» Your goal:
No pictures, everything else exact: set down the entries in full.

» Records for this task:

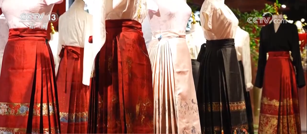 在山東菏澤曹縣的一家漢服品牌直播間,主播正熱情洋溢地向消費者介紹有蛇元素的馬面裙,其中一款一上架便迅速被搶購一空。在浙江杭州的一家新中式服裝定制店內,不少年輕顧客正在試穿、挑選。
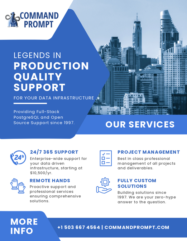 Command Prompt, Inc., is the oldest Postgres Company in North America and one of the oldest Open Source firms still operating today. We serve our clients with best in class expertise and professionalism. You can read more about support and services here:
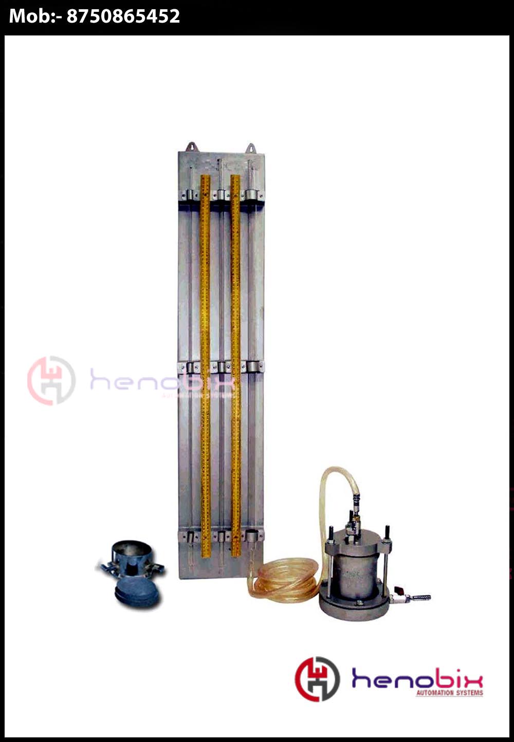 The permeability cell has pressure points at different levels which are connected to the manometer tubes fixed on a stand with a graduated scale.
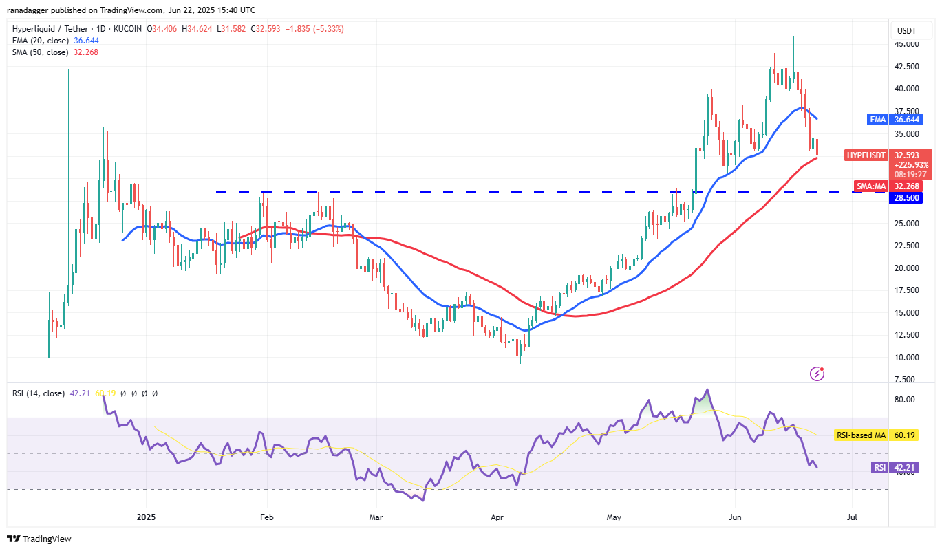 Een scherpe correctie begon in HyperLiquid na het niet bewaren van de prijs op $ 42,50. Dit was een teken dat stieren haastten om winst te maken.
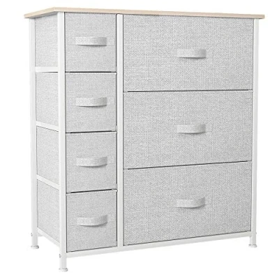 QUALITY CONSTRUCTION- Made of reliable metal frame and durable MDF wooden top; 7 removable and foldable drawers; Easy pull fabric handles help conveniently open and close the drawers; 4 adjustable plastic feet help protect your floor from scratches DURABLE FABRIC- All the outer sides and inner sides are made of high quality breathable non-woven synthetic fabric; Easy Care- wipe clean with a damp cloth and allow to air dry EASY TO ASSEMBLE- Detailed instructions and installation video will guide you through a hassle-free installation process, and hardware is included in the package so only fastening some screws will take energy UNIVERSAL MATCH- Premium light grey fabric drawers, sturdy white metal frame and waterproof wooden tabletop give the storage organizer a modern style. This unit easily fits in various living spaces: living rooms, bedrooms, hallways, entryways, closets and nurseries, etc. HIGH CAPACITY- 7 drawers of different sizes provide more storage choices, and sufficient space creates a neat and clean space for your bedroom or living room. Overall dimensions: 64 x 30 x 72 cm (L x W x H).Drawer dimensions: 40 x 28 x 22 cm (L x W x H) / 15 x 28 x 16 cm (L x W x H)
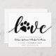 LOVE! Invite friends and family to your wedding with this super cute 'LOVE' with a paw print wedding save the date cards. These budget wedding invitations do not include envelopes. See our collection for matching A6 envelopes, or our postcards option. Customise with your names, date, and wedding location. This paw print wedding save the date announcement will be a hit with your family and friends. Perfect for all dog lovers, cat lovers, and animal lovers. COPYRIGHT © 2020 Judy Burrows, Black Dog Art - All Rights Reserved. Love Paw Print Wedding Save The Date Invitation
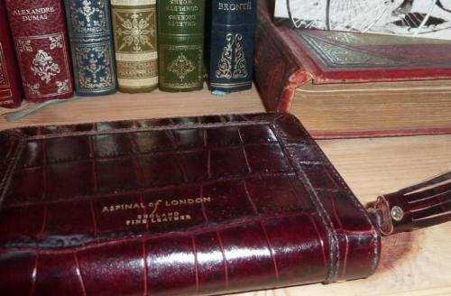 -Aujourd’hui: Youpi, mon anniversaire…! Mini-vacances aussi, j’ai également pris ma journée. Je m’offre une pause gourmande matinale, et je goûte le délicieux chocolat chaud blanc offert par Mlle Acb (j’ai reçu un très chouette coffret de trois chocolat chauds… Je vous en reparlerai lorsque je les aurais tous testés! Merci encore!). J’ouvre mes cartes et quelques petits cadeaux. Dans ma boîte à lettres, entre autres, un très joli porte-monnaie Aspinal of London, pour aller avec mes autres petites choses de la marque! ♥
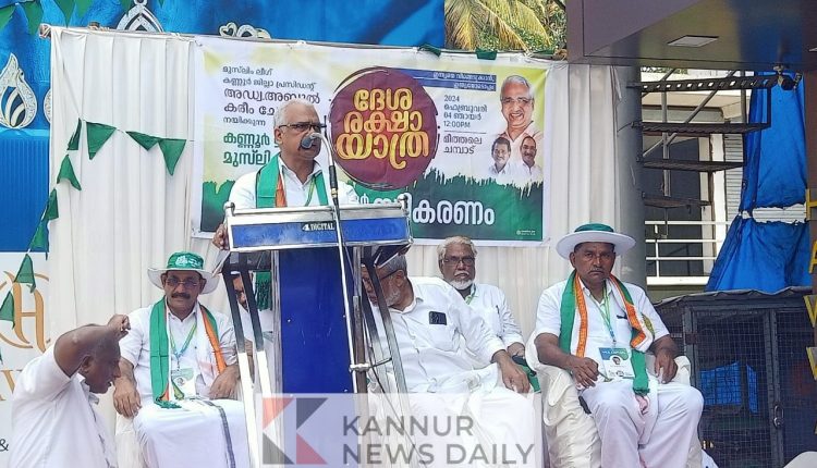 പാനൂർ : മുസ്ലിം ലീഗ് കണ്ണൂർ ജില്ലാ പ്രസിഡണ്ട് അബ്ദുൽ കരീം ചേലേരി നയിക്കുന്ന ദേശരക്ഷാ യാത്രക്ക് മീത്തലെ ചമ്പാട് സ്വീകരണം നൽകി. താരാ ജംഗ്ഷനിൽ വച്ച് ജാഥയെസ്വീകരിച്ചാനയിക്കുകയായിരുന്നു.പള്ളിക്കണ്ടി യൂസഫ് ഹാജി അധ്യക്ഷത വഹിച്ചു.കാവിൽ മഹമൂദ് സ്വാഗതം പറഞ്ഞു.അൻസാരി തില്ലങ്കേരി,കെ.ടി സഹദുള്ള,മഹമൂദ് കടവത്തൂർഅഡ്വ.കെ.എ ലത്തീഫ്,ടി എ തങ്ങൾ, ഇബ്രാഹിം മുണ്ടേരി,
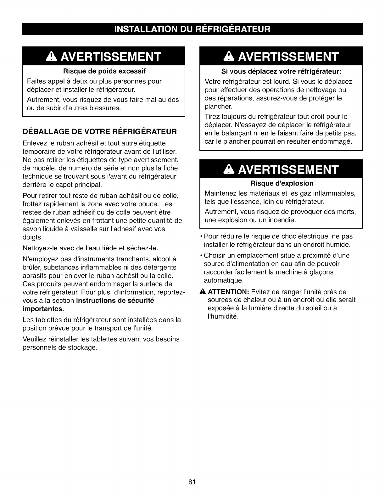 Contr61ez et deplacez le cas ech6ant le refrig@ateur pour qu'il
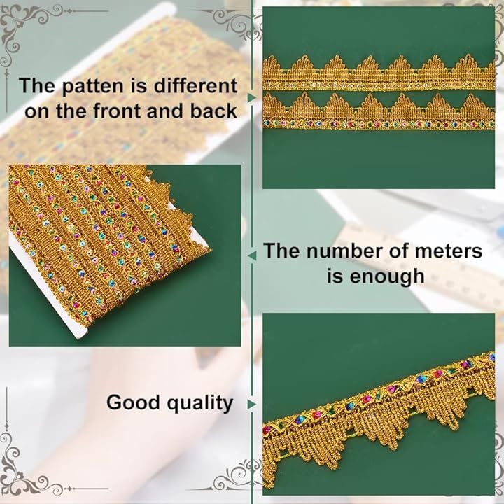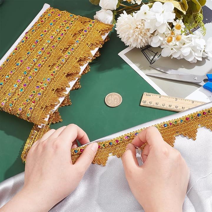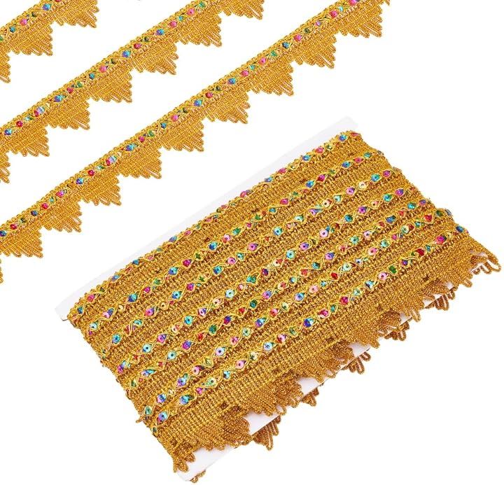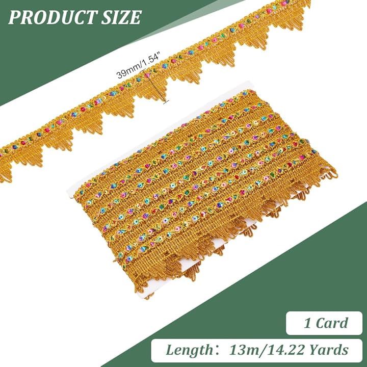 13メートル ゴールド スパンコール レース ビーズ レーストリム メタリック レースリボン ヴィンテージ クリスマス ブレード 手芸 帽子 バッグ デコレーション用 高級 飾りアクセサリー おしゃれ 華麗

» Answer space:
 在山東菏澤曹縣的一家漢服品牌直播間,主播正熱情洋溢地向消費者介紹有蛇元素的馬面裙,其中一款一上架便迅速被搶購一空。在浙江杭州的一家新中式服裝定制店內,不少年輕顧客正在試穿、挑選。
 Command Prompt, Inc., is the oldest Postgres Company in North America and one of the oldest Open Source firms still operating today. We serve our clients with best in class expertise and professionalism. You can read more about support and services here:
 The permeability cell has pressure points at different levels which are connected to the manometer tubes fixed on a stand with a graduated scale.
 Een scherpe correctie begon in HyperLiquid na het niet bewaren van de prijs op $ 42,50. Dit was een teken dat stieren haastten om winst te maken.
 QUALITY CONSTRUCTION- Made of reliable metal frame and durable MDF wooden top; 7 removable and foldable drawers; Easy pull fabric handles help conveniently open and close the drawers; 4 adjustable plastic feet help protect your floor from scratches DURABLE FABRIC- All the outer sides and inner sides are made of high quality breathable non-woven synthetic fabric; Easy Care- wipe clean with a damp cloth and allow to air dry EASY TO ASSEMBLE- Detailed instructions and installation video will guide you through a hassle-free installation process, and hardware is included in the package so only fastening some screws will take energy UNIVERSAL MATCH- Premium light grey fabric drawers, sturdy white metal frame and waterproof wooden tabletop give the storage organizer a modern style. This unit easily fits in various living spaces: living rooms, bedrooms, hallways, entryways, closets and nurseries, etc. HIGH CAPACITY- 7 drawers of different sizes provide more storage choices, and sufficient space creates a neat and clean space for your bedroom or living room. Overall dimensions: 64 x 30 x 72 cm (L x W x H).Drawer dimensions: 40 x 28 x 22 cm (L x W x H) / 15 x 28 x 16 cm (L x W x H)
 LOVE! Invite friends and family to your wedding with this super cute 'LOVE' with a paw print wedding save the date cards. These budget wedding invitations do not include envelopes. See our collection for matching A6 envelopes, or our postcards option. Customise with your names, date, and wedding location. This paw print wedding save the date announcement will be a hit with your family and friends. Perfect for all dog lovers, cat lovers, and animal lovers. COPYRIGHT © 2020 Judy Burrows, Black Dog Art - All Rights Reserved. Love Paw Print Wedding Save The Date Invitation
 -Aujourd’hui: Youpi, mon anniversaire…! Mini-vacances aussi, j’ai également pris ma journée. Je m’offre une pause gourmande matinale, et je goûte le délicieux chocolat chaud blanc offert par Mlle Acb (j’ai reçu un très chouette coffret de trois chocolat chauds… Je vous en reparlerai lorsque je les aurais tous testés! Merci encore!). J’ouvre mes cartes et quelques petits cadeaux. Dans ma boîte à lettres, entre autres, un très joli porte-monnaie Aspinal of London, pour aller avec mes autres petites choses de la marque! ♥
 പാനൂർ : മുസ്ലിം ലീഗ് കണ്ണൂർ ജില്ലാ പ്രസിഡണ്ട് അബ്ദുൽ കരീം ചേലേരി നയിക്കുന്ന ദേശരക്ഷാ യാത്രക്ക് മീത്തലെ ചമ്പാട് സ്വീകരണം നൽകി. താരാ ജംഗ്ഷനിൽ വച്ച് ജാഥയെസ്വീകരിച്ചാനയിക്കുകയായിരുന്നു.പള്ളിക്കണ്ടി യൂസഫ് ഹാജി അധ്യക്ഷത വഹിച്ചു.കാവിൽ മഹമൂദ് സ്വാഗതം പറഞ്ഞു.അൻസാരി തില്ലങ്കേരി,കെ.ടി സഹദുള്ള,മഹമൂദ് കടവത്തൂർഅഡ്വ.കെ.എ ലത്തീഫ്,ടി എ തങ്ങൾ, ഇബ്രാഹിം മുണ്ടേരി,
 Contr61ez et deplacez le cas ech6ant le refrig@ateur pour qu'il
 13メートル ゴールド スパンコール レース ビーズ レーストリム メタリック レースリボン ヴィンテージ クリスマス ブレード 手芸 帽子 バッグ デコレーション用 高級 飾りアクセサリー おしゃれ 華麗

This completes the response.